Отец всегда звал Таню - "Татьян". И раньше звал так, и сейчас...
- Поедем?
Они почти ничего не собирали.
- Потом, потом, - говорил отец. - Вот устроимся, тогда...
Через неделю все устроилось. Через неделю они прилетели сюда - к морю.
- Как все хорошо, Татьян! Умница ты! Смотри, как хорошо!
Таня не узнавала отца. Он оживился, посвежел и вновь чуть помолодел...
- А теперь купаться, Татьян, купаться! И - немедленно!
Утром, лишь начинает светать, море будит шумом волны.

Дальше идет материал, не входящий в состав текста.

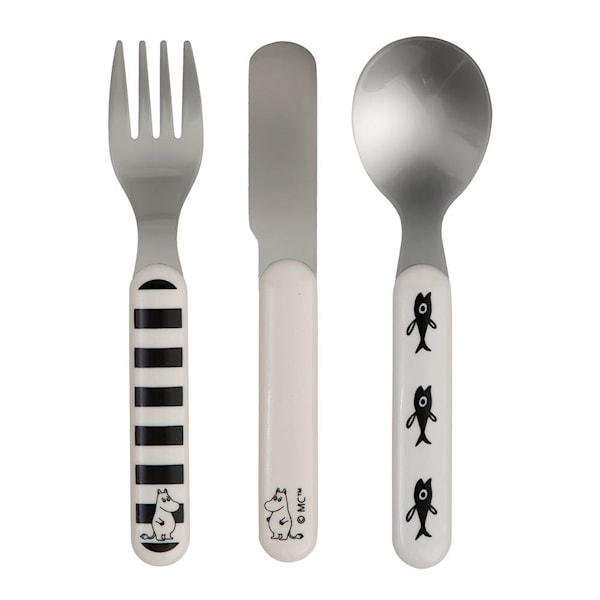 Mumin barnbestick Vatten & Bad från Rätt Start är ett slitstarkt bestickset designat för små händer. Setet innehåller en kniv, gaffel och sked med handtag i ABS-plast för ett bra grepp, medan bestickdelarna är tillverkade av rostfritt stål för hållbarhet.

Не слышно, как шумит галька, слышно только море - спокойное и могучее, волнующееся, будто в преддверии чего-то. Просыпаешься от шума моря, и сразу становится хорошо, так хорошо, что вновь засыпаешь, успокоенный его шумом, а потом, может быть, уже и не спишь, а просто дремлешь, потому что шум моря - в ушах, и приятно слушать его.
Весь день шумит море. На пляже громче. В комнате тише. На улице, по которой мчатся машины и автобусы, еще тише. Если подняться в горы, то море еле слышно. Еле, но слышно. Его слышно отовсюду. Шум моря похож на человеческое дыхание.
Катер ли пройдет по морю, теплоход ли, военный корабль, лодка ли какая или попытаются взметнуть его поверхность отчаянные купальщики, заплывающие до буйков и дальше, оно дружелюбно-спокойно ровняет водную гладь и возвращается к прежнему раздумью. Будто ничего и не было! Ни катера не было, ни теплохода, ни военного корабля, ни лодки, ни купальщиков. Ничего!
Море не перекричать ни криками на пляже, ни гулом транзисторных приемников. Море заглушает их. Море заглушает шум дороги с бесконечно движущимся транспортом, и шум толп отдыхающих, и гудки электровозов и электричек, несущихся между морем и горами. Между морем и той горой...
...На той горе, если подняться по ней не очень высоко, была тропа. Говорили, что тропа вела к Голубому озеру и к леднику.
Говорили...
Таня не поднималась туда - не видела Голубого озера, не знала ледника. Знала только, что на этом леднике работала мама. И там все случилось...
Они поднимались в гору вдвоем с Тошкой. Ошарашенный дорогой, непривычной обстановкой, морем, горами, Тошка ничего не понимал - тянул изо всех сил поводок и рвался вперед, в гору. Они шли мимо высоких и непохожих на подмосковные деревьев. Даже похожие были непохожи. Дикорастущий клен и ольха. Ясень и дуб. Самшит и эвкалипт. Фундук и граб. Бук и пихта. Они напоминали что-то знакомое, лесное, но деревья были другие, не такие, какими их, не замечая, привыкла видеть Таня в подмосковных лесах.
Чем ближе они приближались с Тошкой к тому месту, куда шли, Таня больше натягивала поводок:
- Не рвись, пожалуйста, Тошкин, не рвись!
Тошка и не рвался. Сейчас уже не рвался. Справа - два клена. Их называют здесь чернокленами. Слева - заросли орешника. Между ними - четыре подстриженные туи и дощечка - мраморная, серая, с выбитой надписью: "М. Г. Кокорева, геодезист. 1924 - 1965". Вокруг дощечки на низком холмике - цветы. Это их с отцом цветы. Они приходили сюда сразу по приезде. И еще цветы. Это аджарки в черных одеждах по пути на базар положили их. Так объяснил отец. Местные женщины всегда кладут цветы на могилы приезжих. Особенно те, что сами ходят в черном. Они тоже потеряли кого-то из близких...
А Тошка, ничего не понимающий Тошка, ложится у могилы и кладет голову на правую поджатую лапу. Он смотрит на цветы и пробует нюхать их, но вроде стесняется, смотрит на Таню и опять - на цветы. Тане кажется, что невесело смотрит...
Внизу шумит море. Его видно. И слышно. Но отсюда, с горы, оно совсем не такое, как там, внизу. Оно бледное, разноцветное и далекое. И только шум его, еле слышимый шум, говорит, что оно - море...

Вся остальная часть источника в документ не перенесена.